August 06, 2007 | Monday
Yahoo’s open source move against Google
By Jackie Danicki - Blogger in News |Search Engines |Google |Yahoo |Search Technology
Tim O’Reilly, a prominent figure in the tech industry (he popularized the term Web 2.0), has some interesting analysis of Yahoo’s recently announced dive into open source. The project is called Hadoop, and Yahoo is throwing its weight behind it in a big way, even bringing in big tech name Doug Cutting to support Hadoop. What Hadoop is exactly - “a Free Java software framework that supports distributed applications running on large clusters of commodity computers that process huge amounts of data” (named after its creator’s child’s cuddly toy) - is less important than what Yahoo’s support for it signifies.
First, it indicates a kind of competitive tipping point in Web 2.0, where a large company that is a strong #2 in a space (search) realizes that open source is a great competitive weapon against their dominant competitor...If Yahoo! is realizing that open source is an important part of their competitive strategy, you can be sure that other big Web 2.0 companies will follow.
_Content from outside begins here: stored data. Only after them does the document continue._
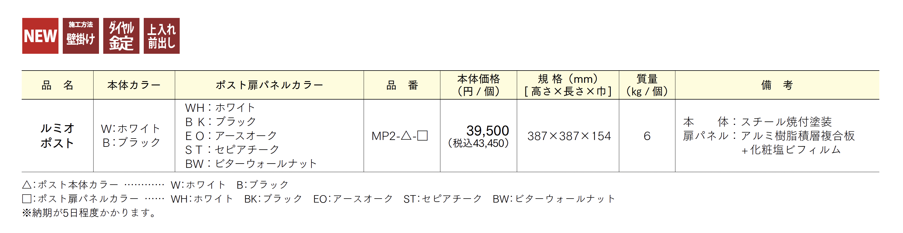 | 材質 | スチール焼付塗装 アルミ樹脂積層複合板+化粧塩ビフィルム |
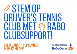 Iedereen verdient een club. Een plek waar je elkaar ontmoet, waar gewerkt wordt aan een duurzamere wereld, waar je elkaar sterker maakt en waar je helemaal jezelf kunt zijn. Stem van 1 tot en met 23 september op Drijver's TC bij de Rabo ClubSupport Actie.
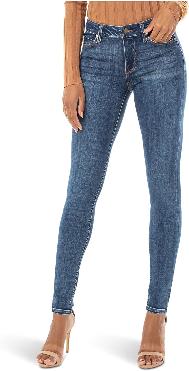 From our Love by Liverpool collection, this silky soft mid-rise skinny is shown here in Victory. Amazing quality made with modal and rayon yarns for a luxurious hand-feel. Super comfortable with amazing stretch and excellent recovery. This modern eco denim was designed using new laser techniques and processes that gives the "Liverpool Look" and uses a fraction of our natural resources. This is measured using a certified system that assesses the environmental impact of the garment finishing processes.

In particular, expect support of open source projects that implement software that Google treats as proprietary.
Hadoop is also expected to give Yahoo vital “geek cred” with the brainiacs they need to attract as employees in order to thrive.
But according to Cutting, web search isn’t Hadoop’s raison d’être.
“Where Hadoop really shines,” says Doug, “is in data exploration.” Many problems, including tuning ad systems, personalization, learning what users need—and for that matter, corporate or government data mining—involve finding signal in a lot of noise.
For those of you who are technically adept enough to want to know more about the details of Yahoo’s involvement with Hadoop, Yahoo blogger Jeremy Zawodny has written about it here. For the rest of us, it is enough to note that Yahoo’s confidence in the importance of open source is obviously high - high enough to be employed as a tactic to compete with Google. Things will get really interesting when, as O’Reilly predicts, other big Web 2.0 companies follow. It is anyone’s guess as to whether Google can look to the future and watch its back at the same time.